- [DATASET RECORDS]:

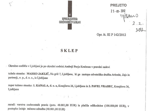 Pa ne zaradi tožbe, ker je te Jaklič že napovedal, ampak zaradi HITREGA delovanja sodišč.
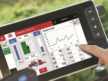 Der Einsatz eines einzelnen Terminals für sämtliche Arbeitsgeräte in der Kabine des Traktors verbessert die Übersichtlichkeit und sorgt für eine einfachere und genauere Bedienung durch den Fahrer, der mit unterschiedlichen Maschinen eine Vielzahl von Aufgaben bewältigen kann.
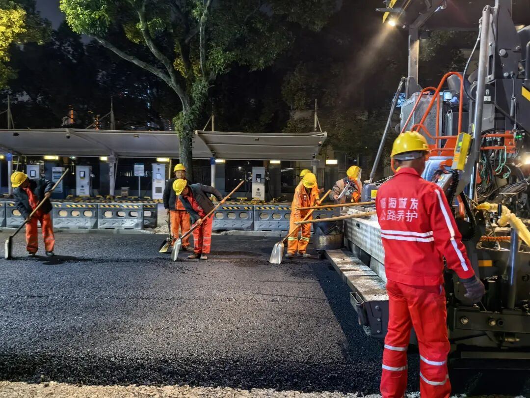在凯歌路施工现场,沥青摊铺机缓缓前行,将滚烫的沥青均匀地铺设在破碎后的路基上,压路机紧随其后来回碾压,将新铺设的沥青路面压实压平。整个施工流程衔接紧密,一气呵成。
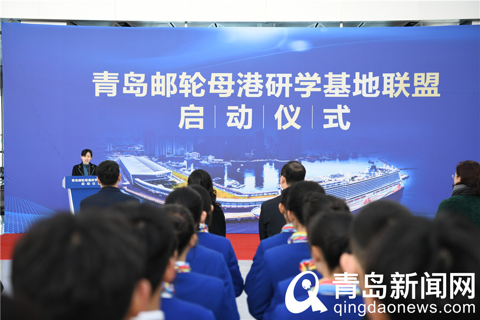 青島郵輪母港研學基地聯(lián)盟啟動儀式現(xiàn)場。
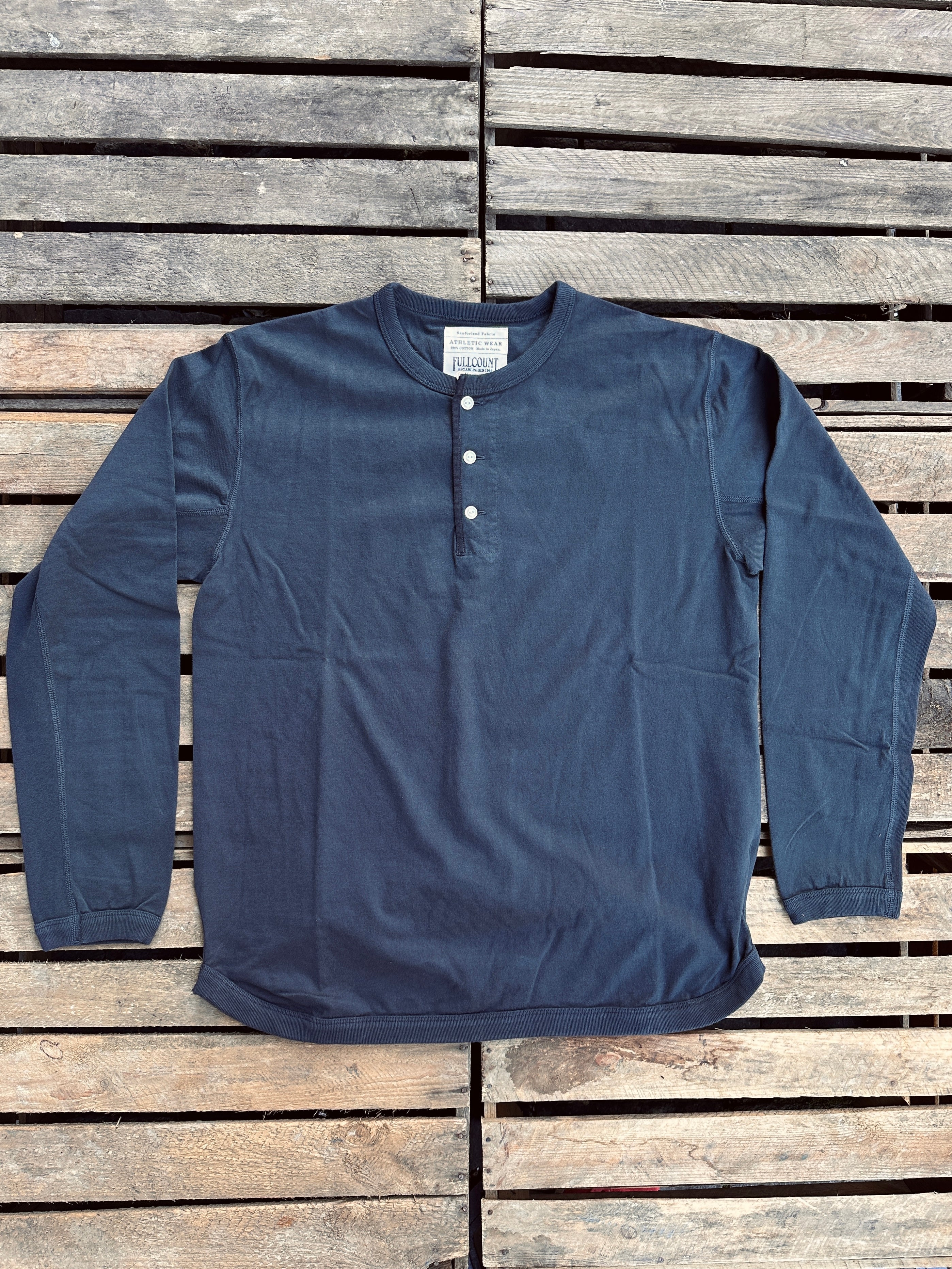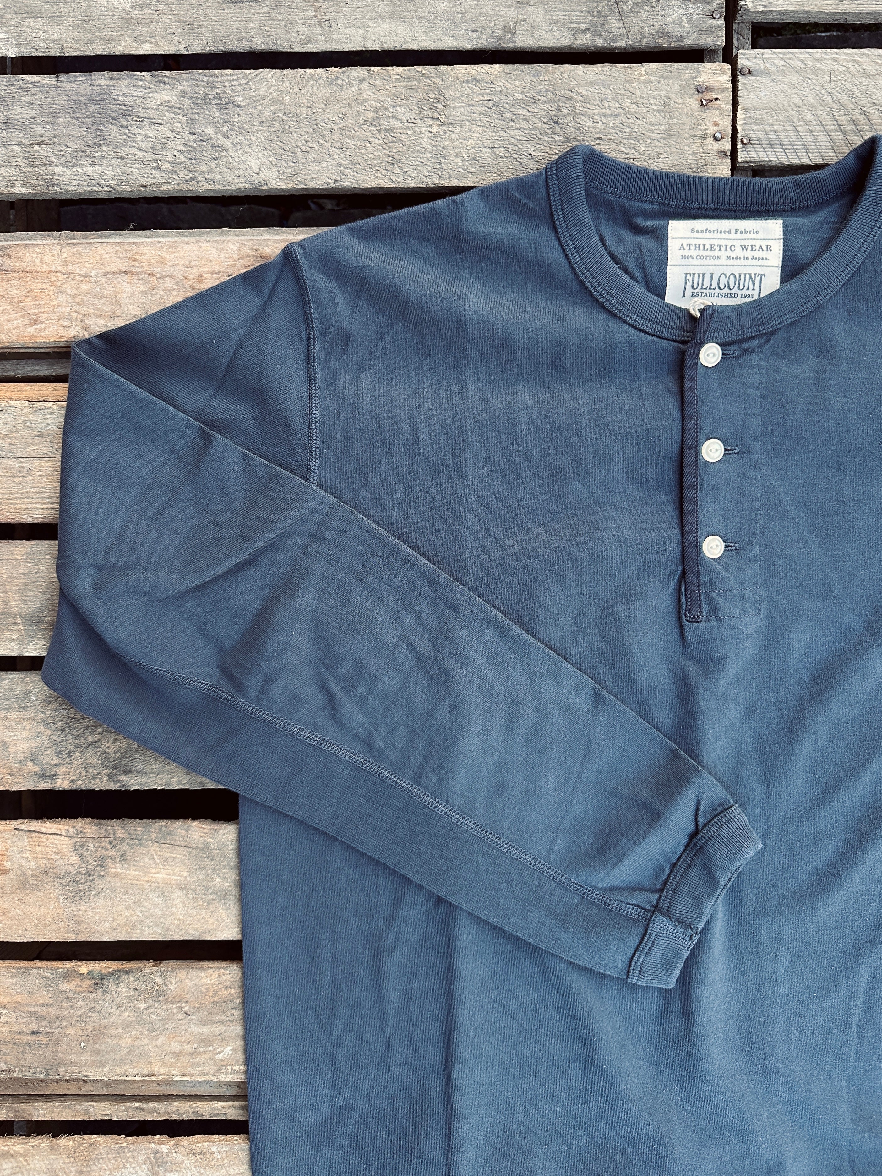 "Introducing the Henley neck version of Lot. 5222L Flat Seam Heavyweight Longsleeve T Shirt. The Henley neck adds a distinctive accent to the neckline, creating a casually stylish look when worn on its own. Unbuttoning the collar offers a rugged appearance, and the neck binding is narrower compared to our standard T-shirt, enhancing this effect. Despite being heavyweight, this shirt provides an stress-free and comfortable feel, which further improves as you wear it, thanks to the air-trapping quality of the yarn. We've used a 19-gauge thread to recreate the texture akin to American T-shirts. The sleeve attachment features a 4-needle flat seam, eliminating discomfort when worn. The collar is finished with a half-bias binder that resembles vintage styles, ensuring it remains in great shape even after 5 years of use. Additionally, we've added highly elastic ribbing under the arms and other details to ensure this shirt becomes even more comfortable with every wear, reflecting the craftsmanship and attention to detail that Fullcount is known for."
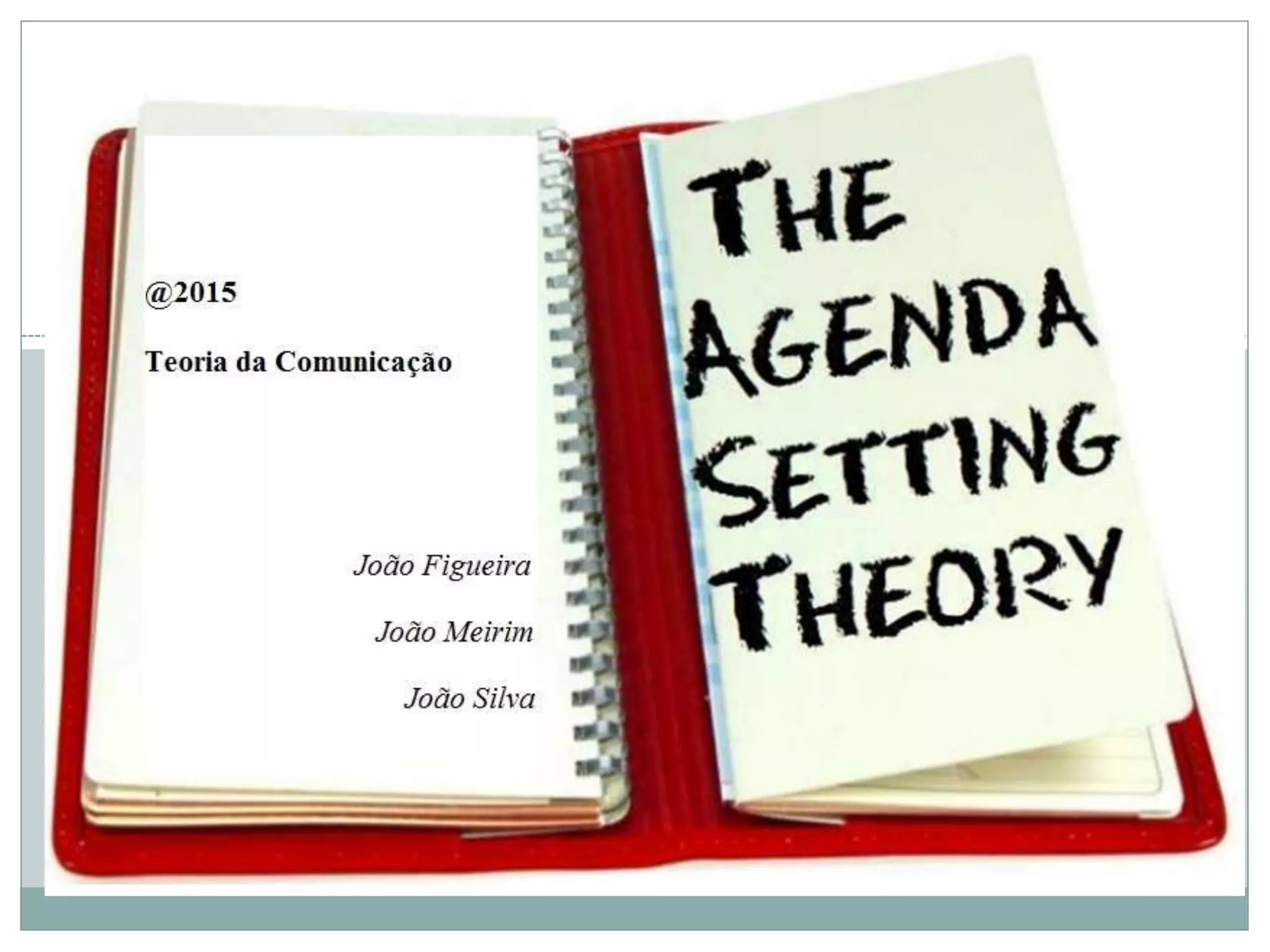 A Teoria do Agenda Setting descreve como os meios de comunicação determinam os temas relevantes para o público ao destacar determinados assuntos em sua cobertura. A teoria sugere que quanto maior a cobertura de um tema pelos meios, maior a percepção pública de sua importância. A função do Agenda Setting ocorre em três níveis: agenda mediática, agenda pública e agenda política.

- [GOAL OF THE EXERCISE]: Once the pictures are set aside, restate the remaining data above exactly.

- [WRITTEN SOLUTION]:
 Pa ne zaradi tožbe, ker je te Jaklič že napovedal, ampak zaradi HITREGA delovanja sodišč.
 Der Einsatz eines einzelnen Terminals für sämtliche Arbeitsgeräte in der Kabine des Traktors verbessert die Übersichtlichkeit und sorgt für eine einfachere und genauere Bedienung durch den Fahrer, der mit unterschiedlichen Maschinen eine Vielzahl von Aufgaben bewältigen kann.
在凯歌路施工现场,沥青摊铺机缓缓前行,将滚烫的沥青均匀地铺设在破碎后的路基上,压路机紧随其后来回碾压,将新铺设的沥青路面压实压平。整个施工流程衔接紧密,一气呵成。
 青島郵輪母港研學基地聯(lián)盟啟動儀式現(xiàn)場。
 "Introducing the Henley neck version of Lot. 5222L Flat Seam Heavyweight Longsleeve T Shirt. The Henley neck adds a distinctive accent to the neckline, creating a casually stylish look when worn on its own. Unbuttoning the collar offers a rugged appearance, and the neck binding is narrower compared to our standard T-shirt, enhancing this effect. Despite being heavyweight, this shirt provides an stress-free and comfortable feel, which further improves as you wear it, thanks to the air-trapping quality of the yarn. We've used a 19-gauge thread to recreate the texture akin to American T-shirts. The sleeve attachment features a 4-needle flat seam, eliminating discomfort when worn. The collar is finished with a half-bias binder that resembles vintage styles, ensuring it remains in great shape even after 5 years of use. Additionally, we've added highly elastic ribbing under the arms and other details to ensure this shirt becomes even more comfortable with every wear, reflecting the craftsmanship and attention to detail that Fullcount is known for."
 A Teoria do Agenda Setting descreve como os meios de comunicação determinam os temas relevantes para o público ao destacar determinados assuntos em sua cobertura. A teoria sugere que quanto maior a cobertura de um tema pelos meios, maior a percepção pública de sua importância. A função do Agenda Setting ocorre em três níveis: agenda mediática, agenda pública e agenda política.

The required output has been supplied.